Adela en realidad no sabía qué decir. Apenas podía pensar con claridad. «Dos bodas, un rapto, un rescate y ningún marido», repasó las últimas semanas de su vida, «¿Qué me deparará el destino ahora?», se preguntó contrariada.

—Qué manera más extraña de dejar este mundo —continuó la dama—. De todos modos, creo que Ardelve hubiera aceptado el plan de Dios sin objetarlo. —Haciendo que Adela la precediera en el ascenso de la escalera, agregó sin detenerse—: Bien, tuvo una muerte mejor que la de mi difunto marido. Fue herido en una batalla, ¿sabes?, el pobre hombre. Estuvo meses moribundo. Ardelve tuvo una muerte mucho más amable. No me agradezcas que te lo diga. Sin duda, tu mente está confusa en este momento, pero volveremos a conversar cuando puedas pensar con claridad. Mientras tanto, seguiré hablando para disuadir a cualquiera de que se nos acerque.

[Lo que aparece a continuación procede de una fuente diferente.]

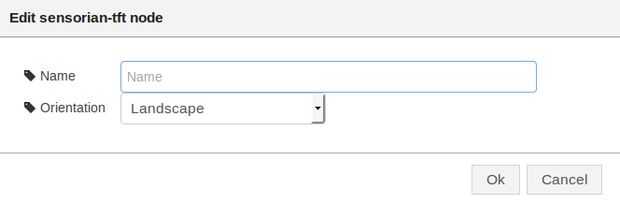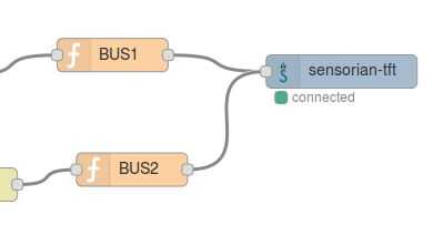 Por último, los datos deben mostrarse. Arrastre un nodo Sensorian tft en el espacio de trabajo y cables para los lados derecho de BUS1 y BUS2. Haga doble clic en sensorian tft y defina su orientación en el paisaje.

Adela no la interrumpió, aturdida ya con tanta palabrería. No se encontraron con nadie excepto con una criada que les hizo una rápida reverencia antes de que llegaran al dormitorio, que, hasta esa mañana, había sido exclusivamente de Adela desde su llegada a Roslin.

Cuando abrió la puerta, le llamó la atención de inmediato el vigoroso fuego del hogar. Como suponía que una doncella había encendido el fuego para calentar la habitación, la visión de un hombre que se volvía bruscamente desde la cama la dejó sin aliento y le hizo llevarse las manos al corazón.

Haciéndole una rápida y profunda reverencia, le dijo:

—Le ruego que me perdone, lady Ardelve. No esperaba que…

—¡Dios mío! —exclamó lady Clendenen, empujando a Adela dentro de la habitación—. Es un milagro que no hayamos muerto del susto, Angus. No se me ocurrió que vendrías a poner todo en orden para tu amo y su dama.

—Sí, por supuesto, lady Clendenen. Como la fiesta recién ha…

—Angus, ha pasado algo terrible —lo interrumpió la dama. Y le contó lo que había sucedido.

—¿El señor está muerto? Pero él no tenía ningún problema de salud, lo sé bien, lo he servido durante treinta años.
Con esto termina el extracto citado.